Here is a bit from Gerd Gigerenzer:
The science fiction writer H G Wells predicted that in modern technological societies statistical thinking will one day be as necessary for efficient citizenship as the ability to read and write. How far have we got, a hundred or so years later? A glance at the literature shows a shocking lack of statistical understanding of the outcomes of modern technologies, from standard screening tests for HIV infection to DNA evidence. For instance, doctors with an average of 14 years of professional experience were asked to imagine using the Haemoccult test to screen for colorectal cancer. The prevalence of cancer was 0.3%, the sensitivity of the test was 50%, and the false positive rate was 3%. The doctors were asked: what is the probability that someone who tests positive actually has colorectal cancer? The correct answer is about 5%. However, the doctors’ answers ranged from 1% to 99%, with about half of them estimating the probability as 50% (the sensitivity) or 47% (sensitivity minus false positive rate). If patients knew about this degree of variability and statistical innumeracy they would be justly alarmed.
Scientist Tom Johnson says that humans someday might live to 350 years old. Aubrey De Grey argues that as our lifespans become longer, we might stop taking high-speed automobile trips. Why risk losing so much, and after all, what would the hurry be?
FuturePundit suggests that perhaps our level of risk-taking behavior is regulated by our biology and hormonal systems. So if driving a car doesn’t “feel too risky” now, living to 350 won’t change this, perhaps we were never making an intertemporal calculation in the first place. Furthermore, it is young males who take the most risks, and they have large numbers of years left to lose. So giving us more years might not change our behavior that much. FuturePundit then wonders how drugs and neuroscience engineering might change this conclusion. What if you could take drugs that would make you more averse to risky behavior? Might you then, sitting alone in your room, ponder your remaining 320 years and decide to clutch on to them?

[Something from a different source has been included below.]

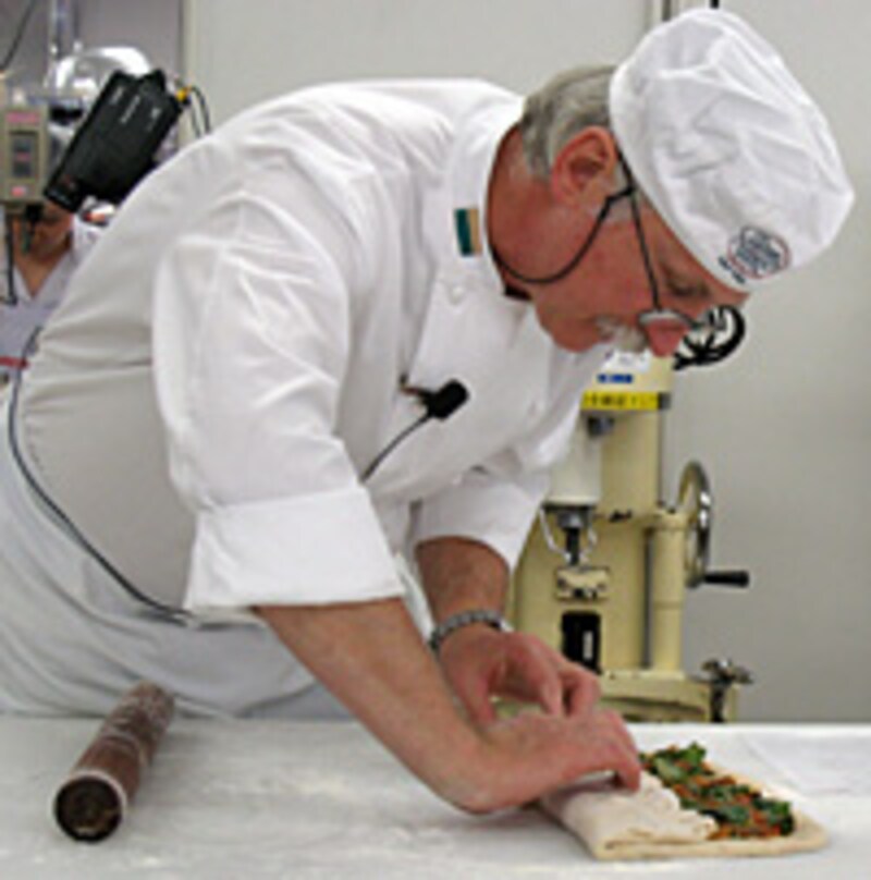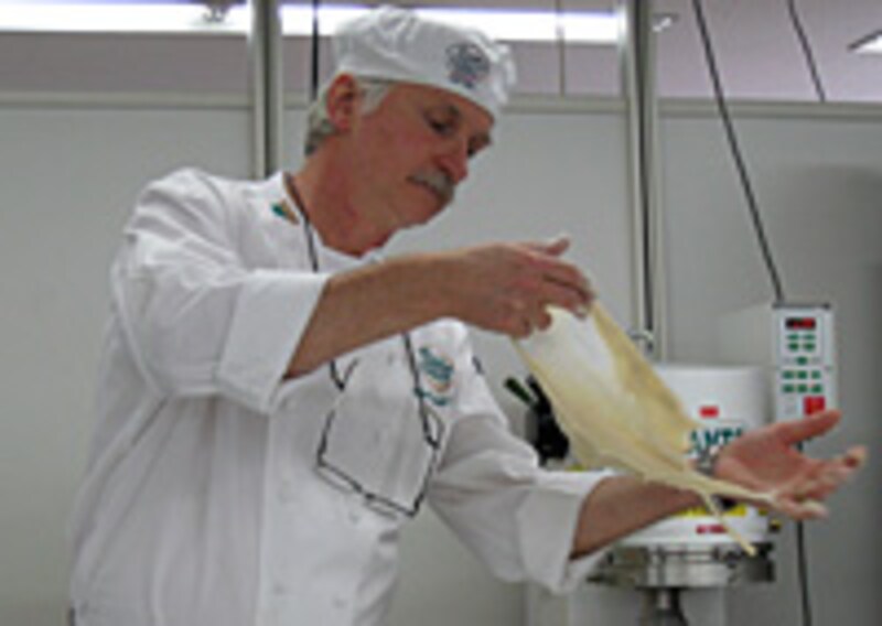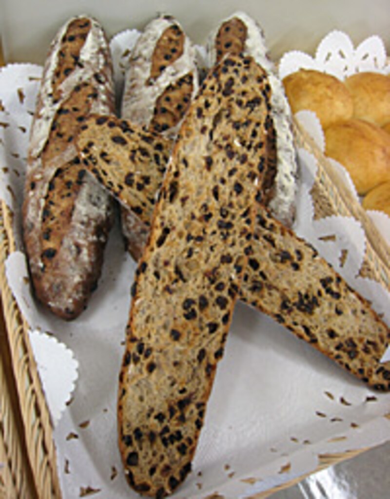 実演されなかった2種類のパンは、全粒粉が40%、レーズン25%のリュスティックと全粒粉30%、ライフレーク8%、カレンズ58%のライ麦パン。どちらも濃い目のブラウンで素朴な表情です。数年前は日本のレストランで出てくるパンは白一色だったのに最近はダークな色合いのパンを出すところも多くなったようで、昨晩など半分以上は濃い色のパンだったから驚いた、とジョリンさん。料理に合わせていろいろなパンが食べられたら素敵ですね。これらは、チーズに合わせたいパンです。

When goods are prohibited, quality tends to fall because of lack of competition and legal recourse. Quality in illegal markets, however, may still beat that available from government production. Health Canada spends millions of dollars growing marijuana for distribution to patients with medical need. The government grown pot is so awful, however, that patients are returning their 30 gram bags and asking for refunds! The government certifies and advertises that their product contains 10.2% THC but independent labs report only 3% THC. Furthermore, the government pot is contaminated with lead and arsenic. “This particular product wouldn’t hold a candle to street-level cannabis,” said Philippe Lucas of Canadians for Safe Access, the group that sponsored the tests. Thanks to Eric Crampton for alerting us to this story.